◆ Goal of the exercise: The answer should hold only the lines from the one containing "Oh, those summer" through the one containing "另一个获奖的互动类H5案例《" in the entries below, copied exactly, without pictures.

◆ Dataset entries:
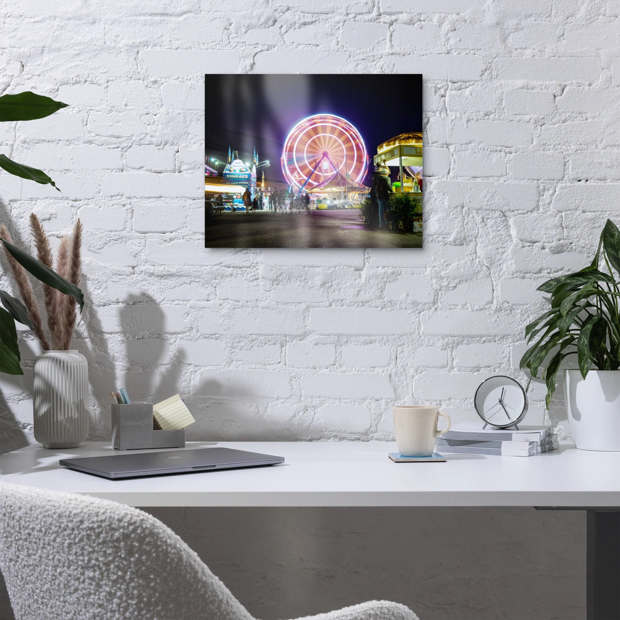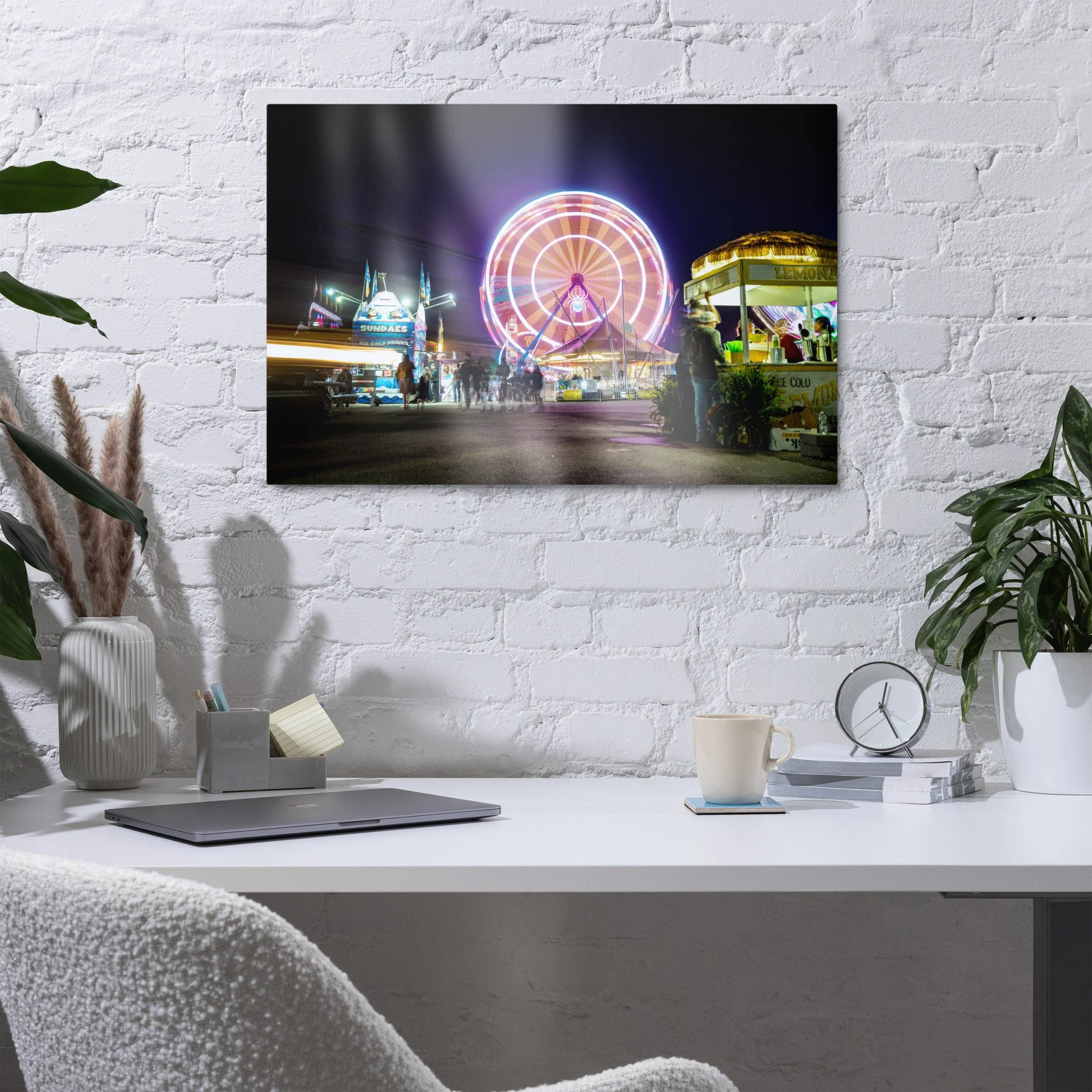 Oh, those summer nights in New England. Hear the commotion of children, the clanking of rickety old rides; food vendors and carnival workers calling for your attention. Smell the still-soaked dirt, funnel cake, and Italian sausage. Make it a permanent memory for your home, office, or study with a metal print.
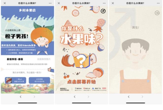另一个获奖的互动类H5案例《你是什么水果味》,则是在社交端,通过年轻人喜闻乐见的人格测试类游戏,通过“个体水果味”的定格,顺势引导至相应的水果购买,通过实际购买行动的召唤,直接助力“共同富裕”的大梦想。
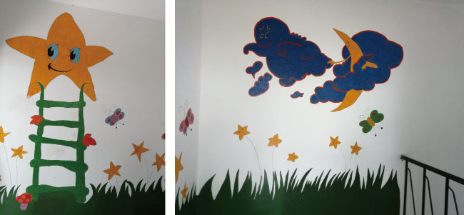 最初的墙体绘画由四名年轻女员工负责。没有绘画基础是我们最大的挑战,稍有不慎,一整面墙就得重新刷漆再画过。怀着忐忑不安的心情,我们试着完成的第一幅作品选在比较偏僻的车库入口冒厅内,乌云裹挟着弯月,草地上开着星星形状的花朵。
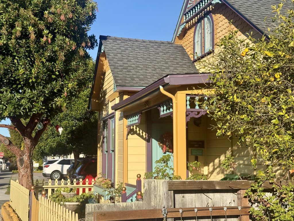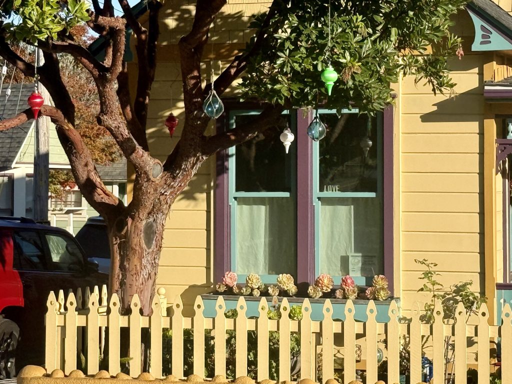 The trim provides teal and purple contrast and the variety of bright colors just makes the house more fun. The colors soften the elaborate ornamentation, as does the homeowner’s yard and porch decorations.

...

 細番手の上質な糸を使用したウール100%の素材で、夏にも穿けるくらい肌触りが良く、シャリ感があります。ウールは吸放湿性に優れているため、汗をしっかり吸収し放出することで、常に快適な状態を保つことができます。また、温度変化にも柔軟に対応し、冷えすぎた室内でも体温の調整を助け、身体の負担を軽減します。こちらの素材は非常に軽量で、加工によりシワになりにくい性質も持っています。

◆ Answer below:
 Oh, those summer nights in New England. Hear the commotion of children, the clanking of rickety old rides; food vendors and carnival workers calling for your attention. Smell the still-soaked dirt, funnel cake, and Italian sausage. Make it a permanent memory for your home, office, or study with a metal print.
另一个获奖的互动类H5案例《你是什么水果味》,则是在社交端,通过年轻人喜闻乐见的人格测试类游戏,通过“个体水果味”的定格,顺势引导至相应的水果购买,通过实际购买行动的召唤,直接助力“共同富裕”的大梦想。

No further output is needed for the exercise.